As to 1., please bear in mind that the data is not actually copied each time:

copy the images from Kitodo process folder to the "WORKDIR" which is located on the manager server

This uses reflink copies if possible on the FS. Essentially, that is a lazy copy (just another inode pointing to the same blocks).

Of course, if the user starts up Kitodo and Manager on distinct physical filesystems, then it will take the full cost of copy I/O.

copy the images from the "WORKDIR" to the "REMOTE_DIR" on the processing server

That's unavoidable. (But if you configure the Controller and Manager to use the same volume on the same host, then rsync will not do any actual work.)

after the OCR is done copy the whole OCR data back to the "WORKDIR"

Yes, but that means, it will skip all data that have already been there (including full-size images). Retrieving the results from the remote side (where storage might be fast but short-lived) is also not avoidable.

copy the OCR results (ALTO) from the "WORKDIR" to the Kitodo process folder

Yes, for the moment it's only the ALTO files. In the future, we might try to add more (like structMap or other file formats), perhaps in a later workflow stage, when Production already exported the final METS.

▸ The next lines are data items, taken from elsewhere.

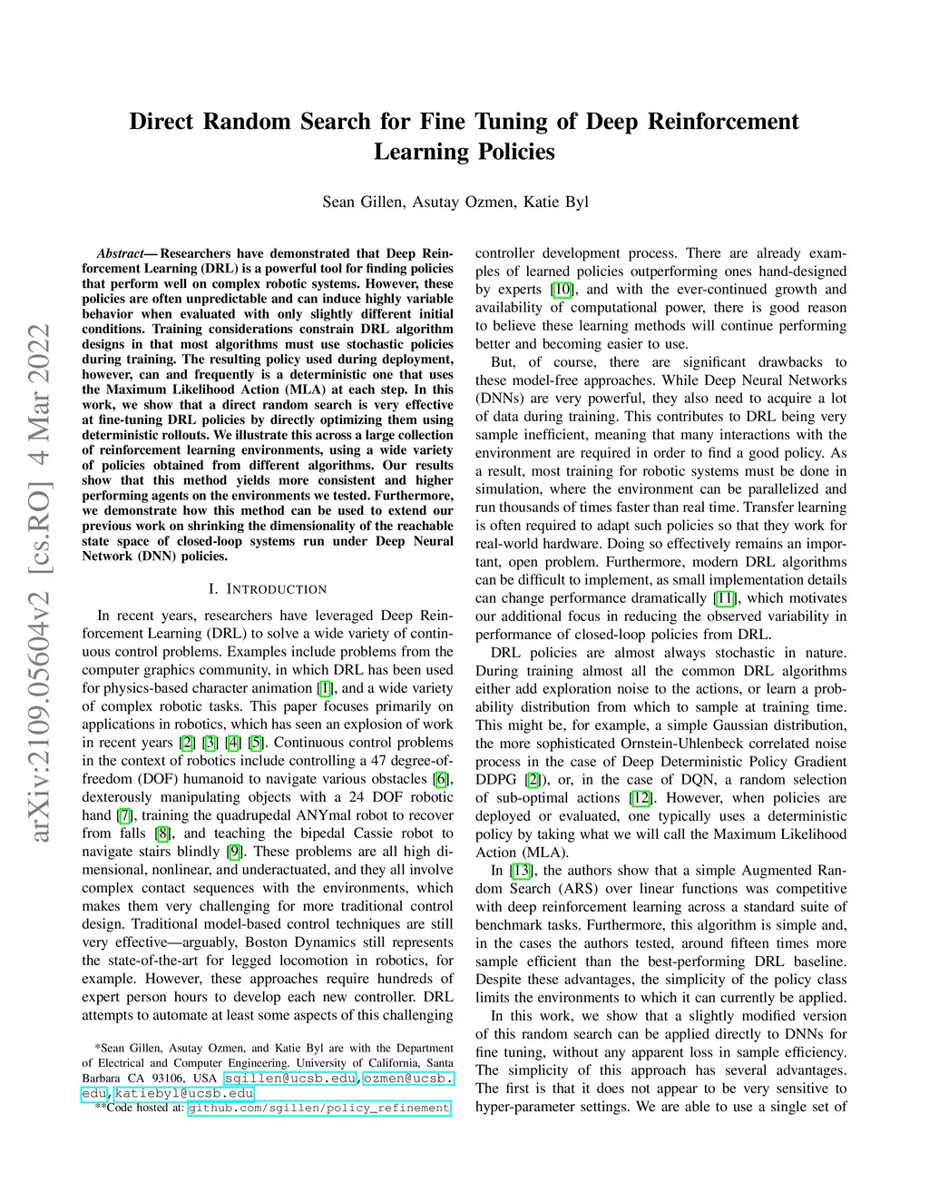 Direct Random Search for Fine Tuning of Deep Reinforcement Learning
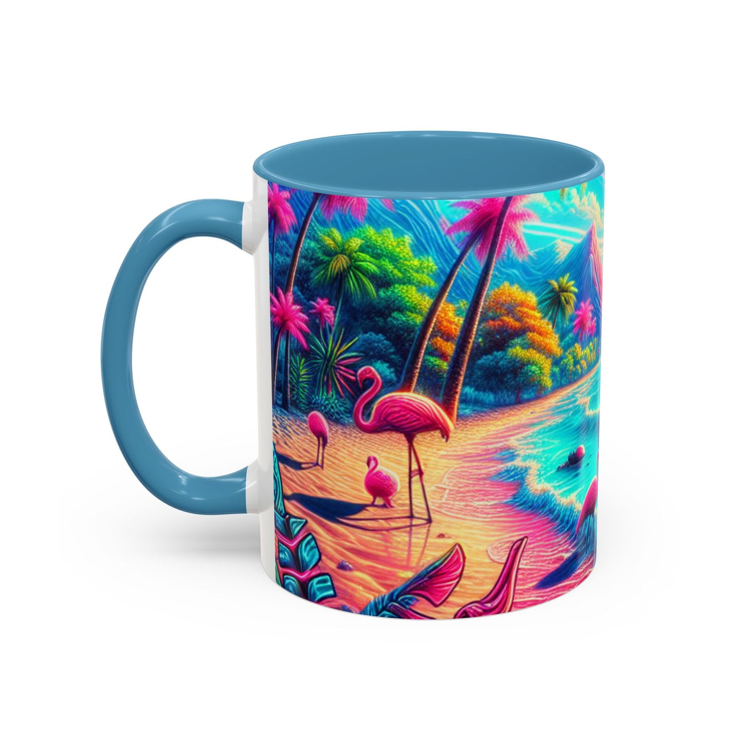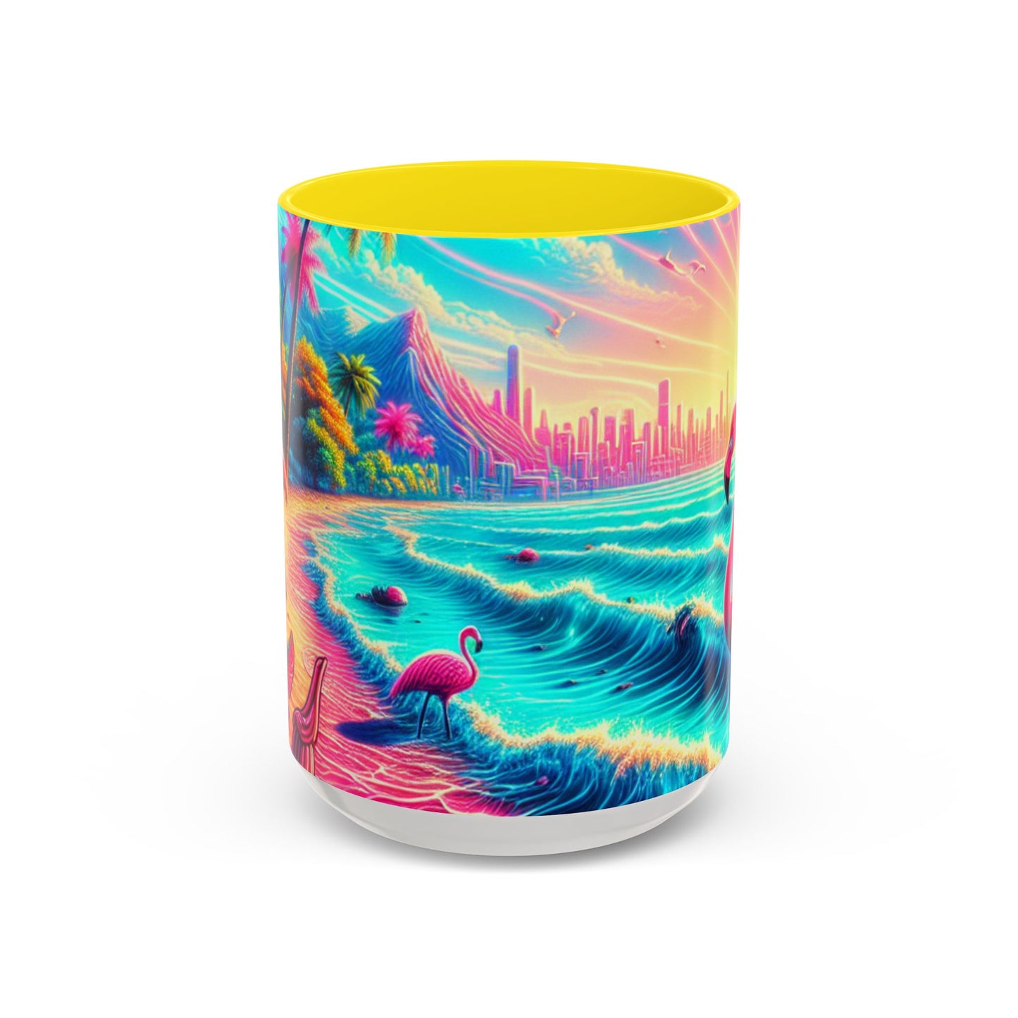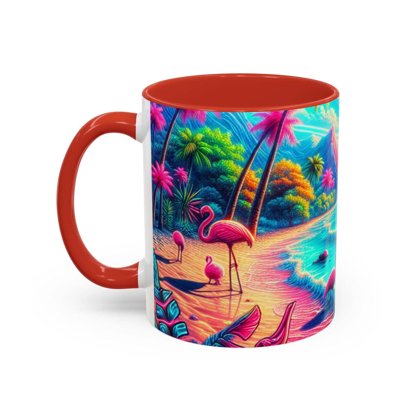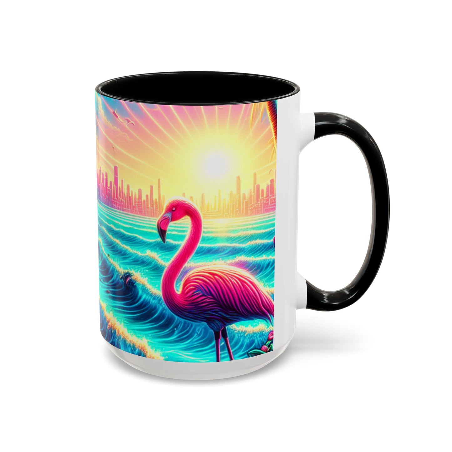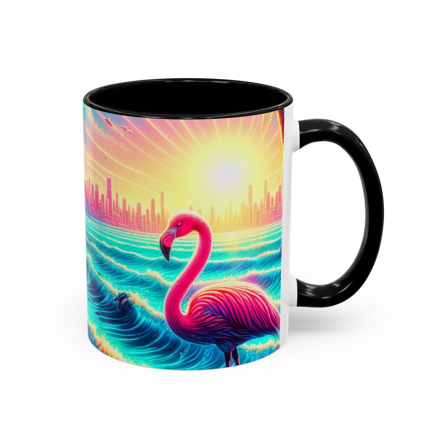 Accent Color Coffee Mug (11, 15oz) / Pop Art Flamingo Beach, Various Colors
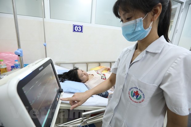 Chăm sóc, điều trị cho bệnh nhân mắc sốt xuất huyết. (Ảnh: PV/Vietnam+)
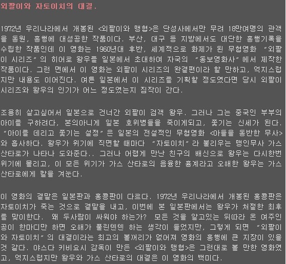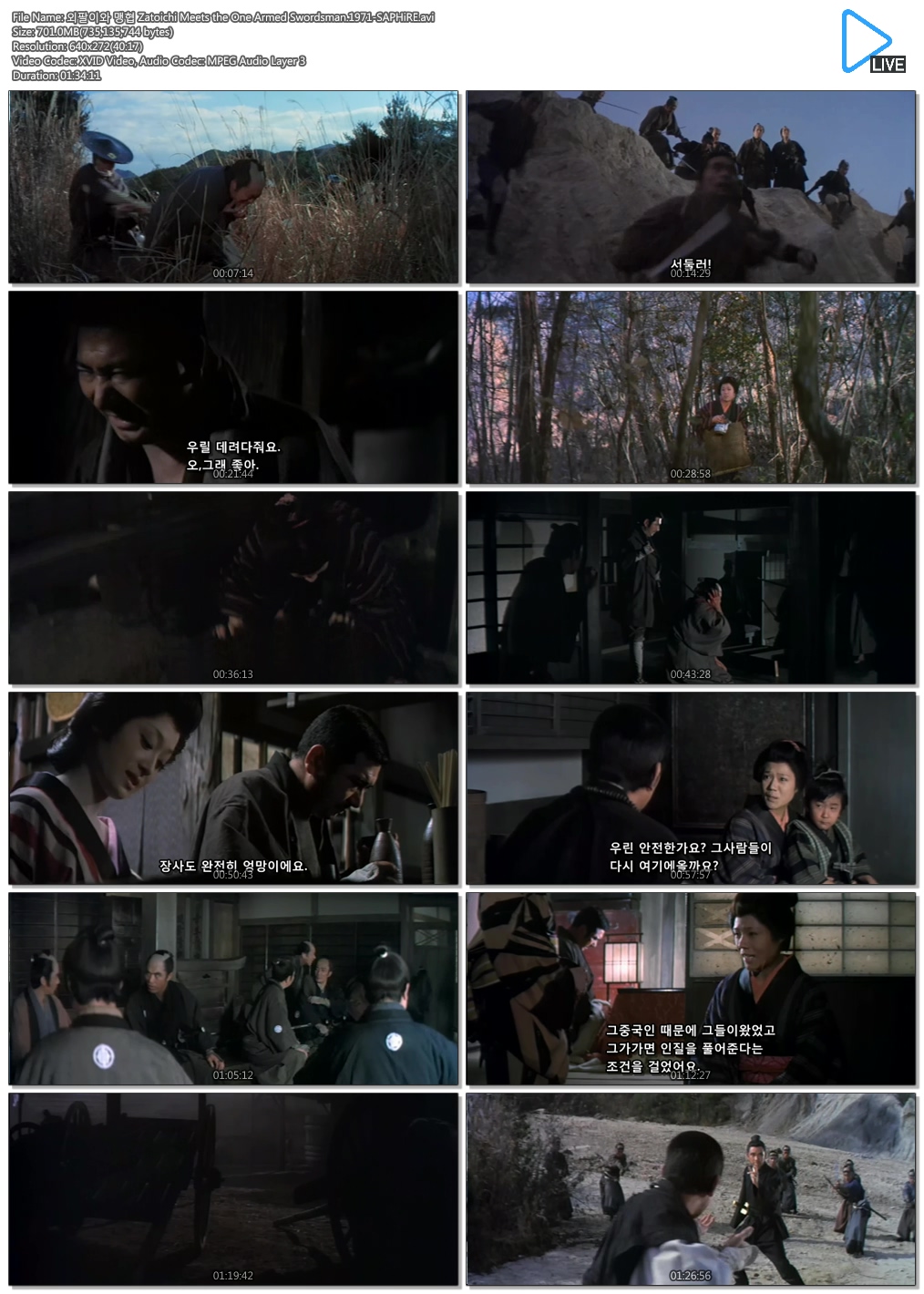 | 외팔이와 맹협 Zatoichi Meets the One Armed Swordsman.1971-SAPHiRE.avi | 701.1 M | 01:34:00 | 800X339 |
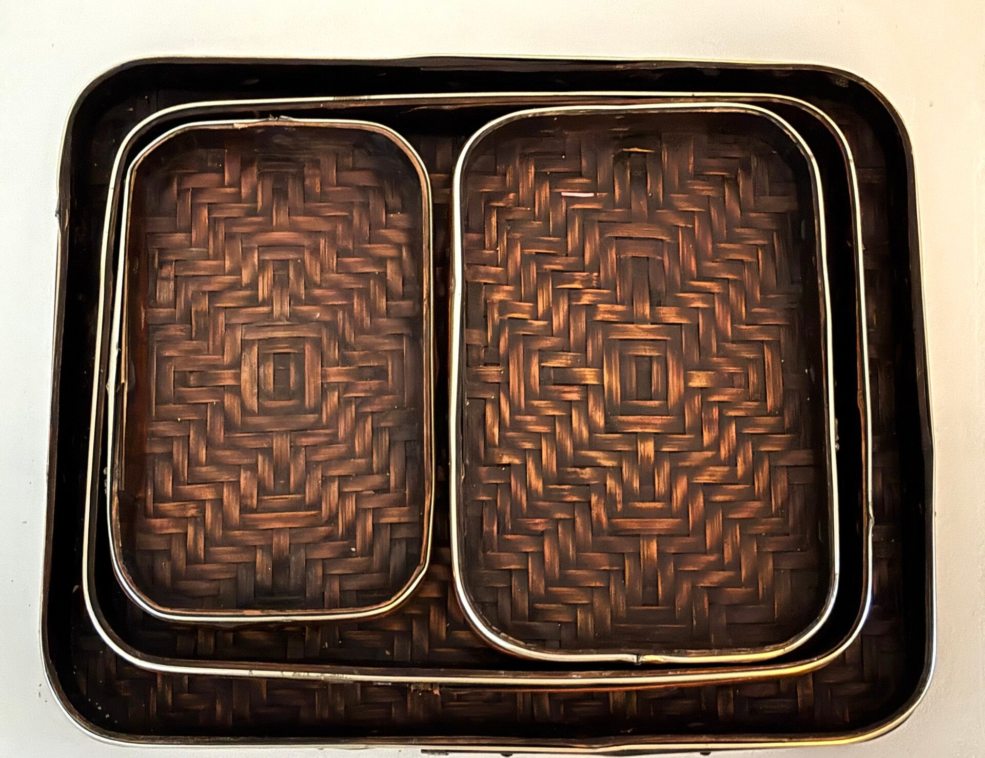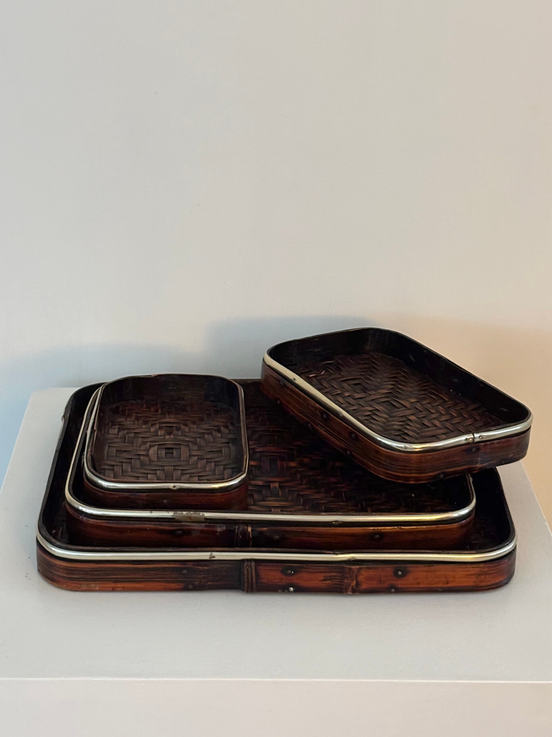A stylish set of 4 lacquered Japanese serving trays. Elegant and decorative, perfect for an aperitif or sharing moment. Largest size: 32.5 x 26 cm.
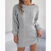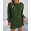 Seksowna dzianina skręcone rękawy lampionowe swetry sukienki jesienno-zimowa damska sukienka elegancka sukienka z okrągłym dekoltem solidna dzianina sukienka 29889
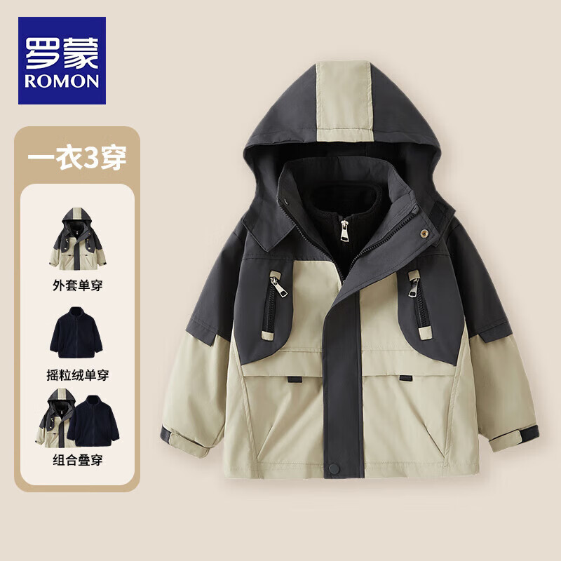 罗蒙(ROMON)仿雪貂绒男士加绒假两件毛衣2025秋冬新款衫保暖针织打底衫上衣 221驼色 加绒 3XL (建议体重155-170斤)
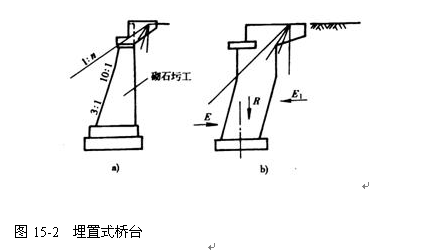 桥台台身埋置于台前溜坡内,不需另设翼墙,仅由台帽两端的耳墙与路提衔接。图15-2a为直立式埋置桥台;15-2b为后倾式,它使台身重心向后,用以平衡台后填土的倾覆力矩,但倾斜度应适当。
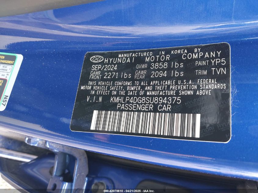 kmhlp4dg8su894375 - 2025 Hyundai Elantra Limited 2025

The ALTO files are small, so that should do no harm.

The actual OCR-D workspace, on the other hand, will be preserved – it might be needed for re-processing with another workflow, or visual inspection in the Monitor. We have not decided yet when to delete these workspaces from the Manager. (It would probably make sense to tie them to the lifetime of the process in Kitodo, and then archive or delete.)

What is the rationale behind the "WORKDIR" for example and why does the data have to be copied so many times? I reduced the number of copy processes by using shared volumes between the Servers and e.g. copied directly from the process folder to the remote folder, but i would like to be sure that i am not violating some deeper architectural ideas here.

See above answers. And you don't need to change any code to reduce the amount of copying/synchronization: just set up your environment variabes (see make help and .env) to suit your all-local use-case.

2. I am running the ocrd_manager standalone right now. For that i run docker compose up for the ocrd_manager component and for the ocrd_monitor component seperateley. The idea is probably that both services are using a shared volume to store job data

Yes, that's exactly the reason.

But right now i have two folders in /var/lib/docker/volume named ocrd_manager_shared and ocrd_monitor_shared. What can i do that both services are actually using the same shared folder?

You probably did not use the top-level repo https://github.com/markusweigelt/kitodo_production_ocrd for the integrated docker-compose. The top-level is where we provide most documentation and the easiest makefile entrypoints. The submodules only have very limited documentation and flexibility. (In this case, you would need to combine docker-compose.yml and ocrd_monitor/docker-compose.yml as one compose call, so they get the same network and volumes.)

Hope that helps.

Robert Sachunsky · Answer 2 · Tue Oct 04 2022 21:06:19 GMT+0800 (China Standard Time)

@BartChris so I think the main issue here is slub/ocrd_kitodo#35

Would you agree? Can we close here?

Christoph Bartmann · Answer 3 · Tue Oct 04 2022 23:15:42 GMT+0800 (China Standard Time)

yes, sounds good, i think you can close here. Thanks!